What you should do.
Each line of the data must be given back verbatim, with pictures removed.

Information provided.
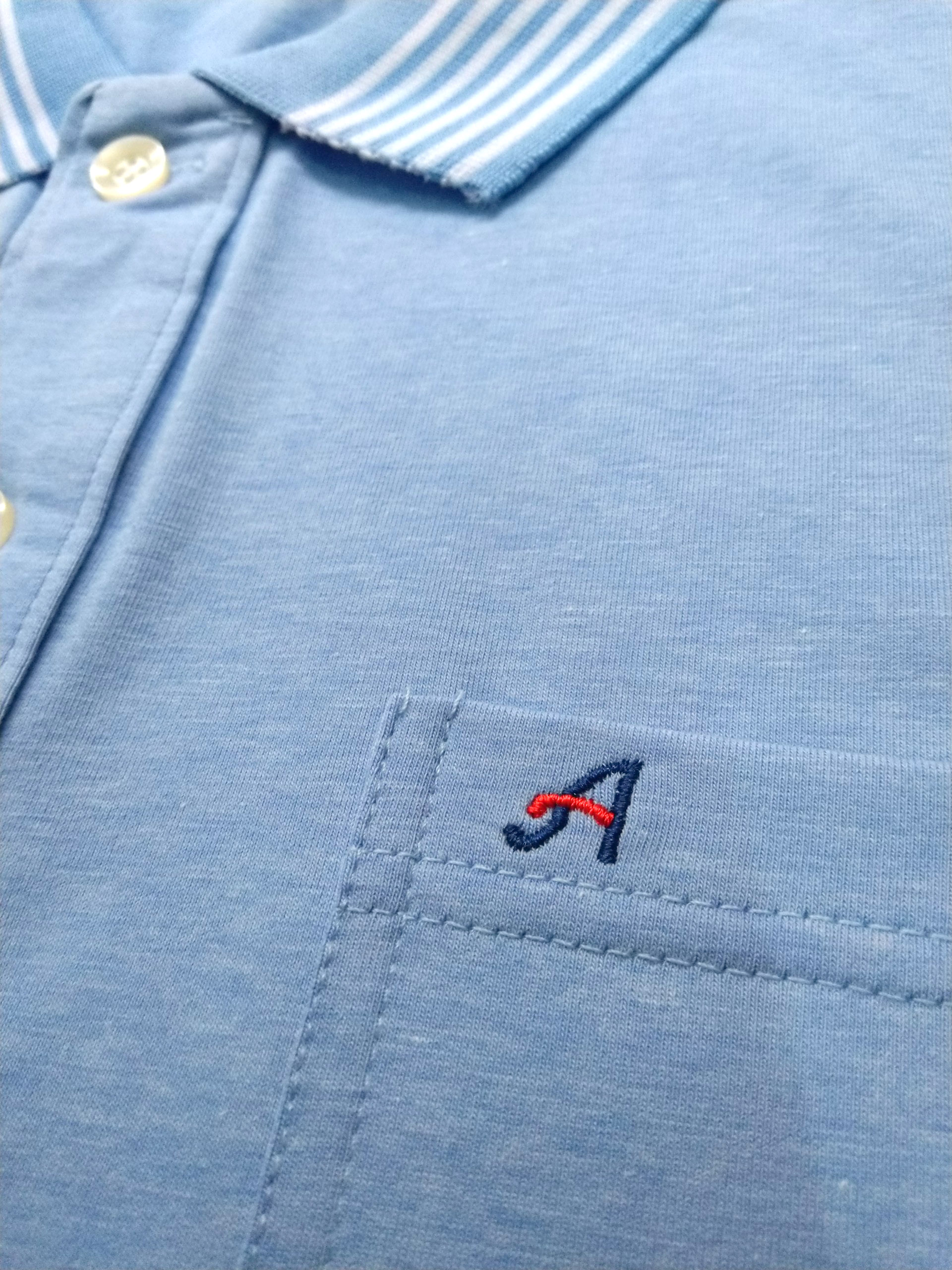 Áo phối sọc ngang ở cổ, trước ngực thêu chữ nổi.
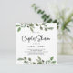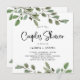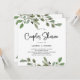 Estes adoráveis convites para chás de casamento minimalistas apresentam folhas verdes botânicas de cor aquática, simples, sobre fundo branco e limpo. A tipografia da escrita preto de tendências diz "casal chá" e adiciona um toque extra ao estilo moderno.
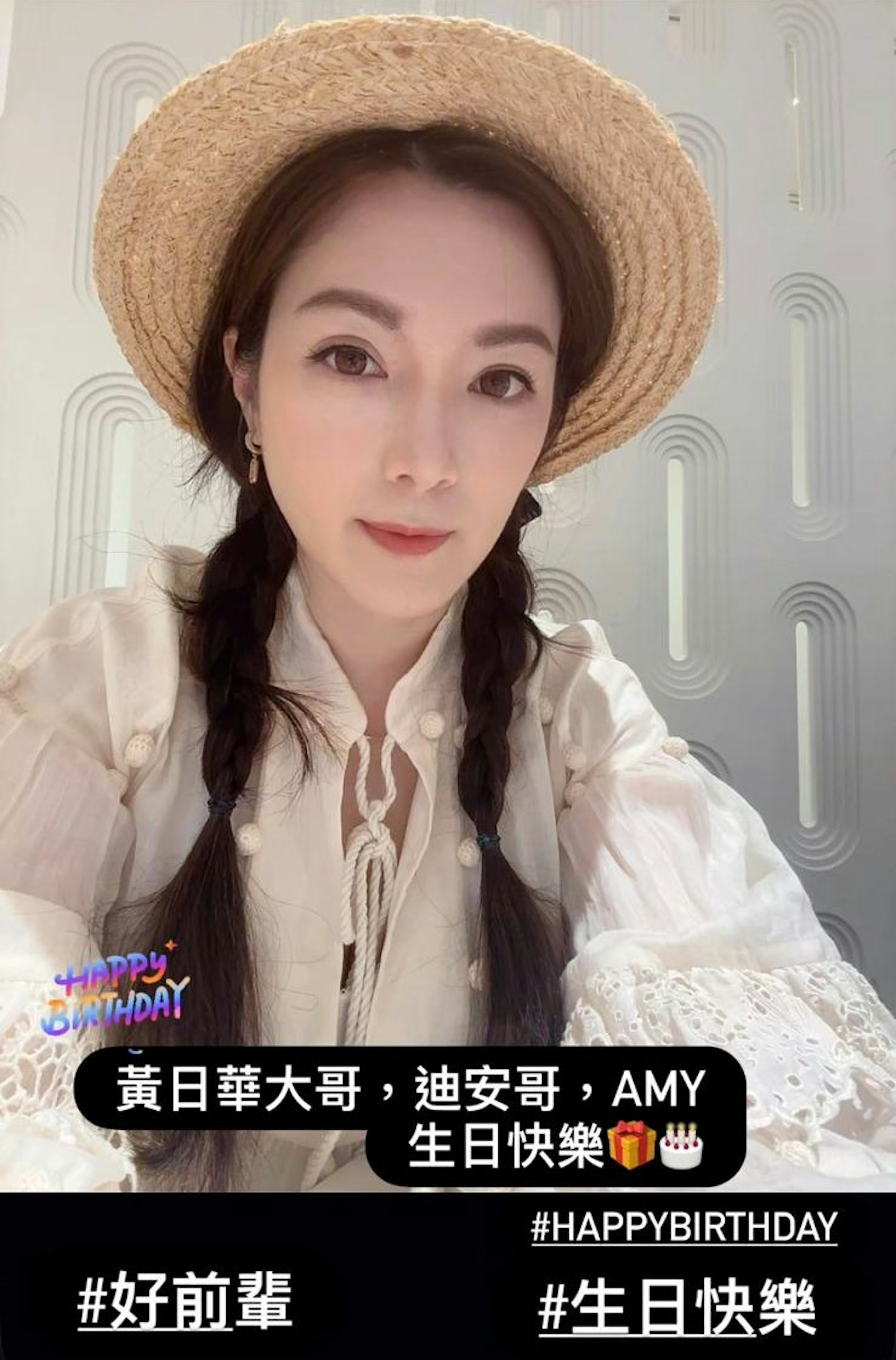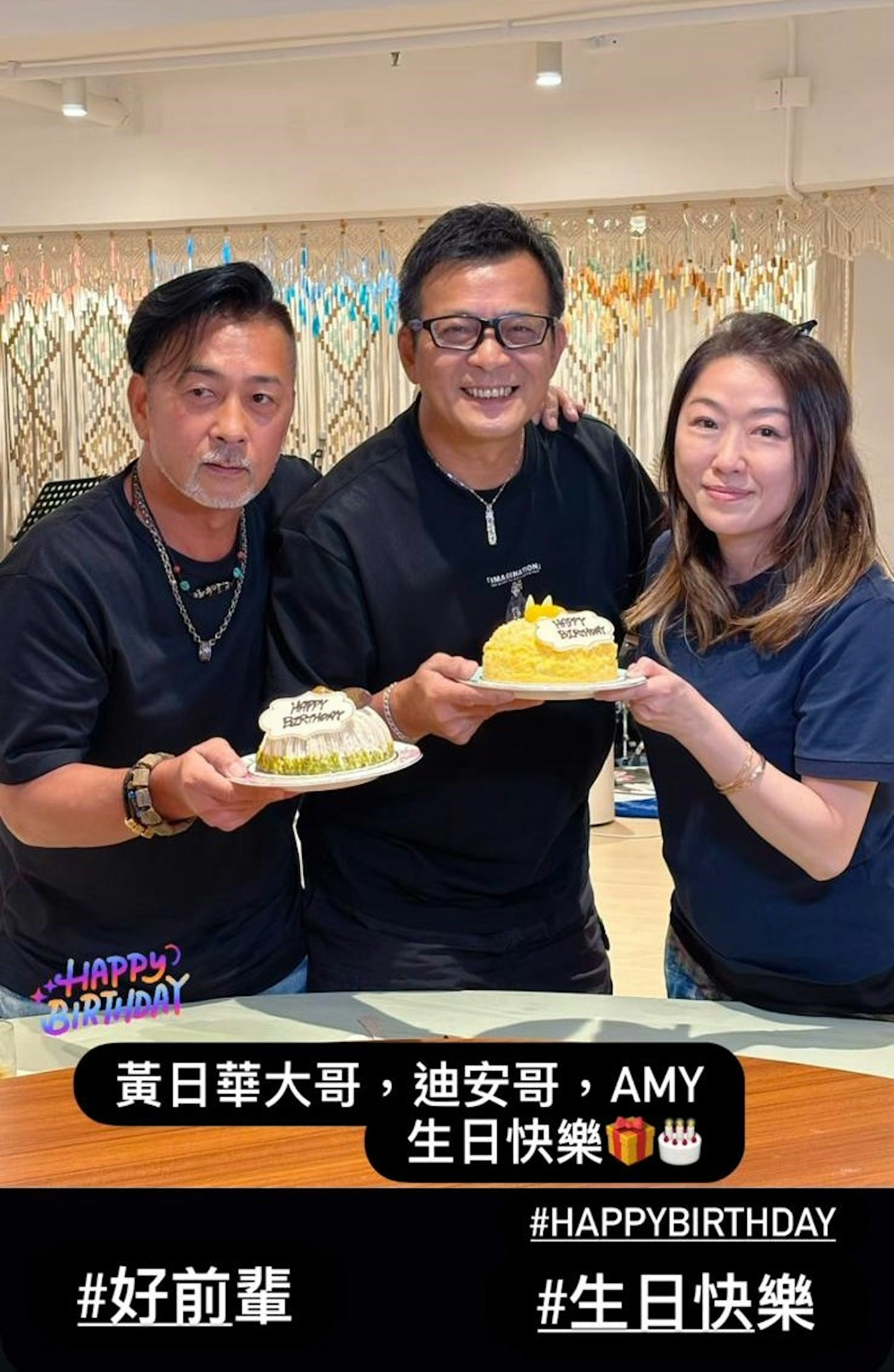 雖然愛情失意,但苟姑娘生活多姿多采,不時同朋友聚會,完全不愁寂寞。日前苟姑娘就喺社交平台分享為黃日華、林迪安慶祝生日嘅近照,更寫上:「黃日華大哥,迪安哥,AMY生日快樂」。而佢同華哥仲頭貼頭合照,可見相當老友。

Response to the task.
 Áo phối sọc ngang ở cổ, trước ngực thêu chữ nổi.
 Estes adoráveis convites para chás de casamento minimalistas apresentam folhas verdes botânicas de cor aquática, simples, sobre fundo branco e limpo. A tipografia da escrita preto de tendências diz "casal chá" e adiciona um toque extra ao estilo moderno.
 雖然愛情失意,但苟姑娘生活多姿多采,不時同朋友聚會,完全不愁寂寞。日前苟姑娘就喺社交平台分享為黃日華、林迪安慶祝生日嘅近照,更寫上:「黃日華大哥,迪安哥,AMY生日快樂」。而佢同華哥仲頭貼頭合照,可見相當老友。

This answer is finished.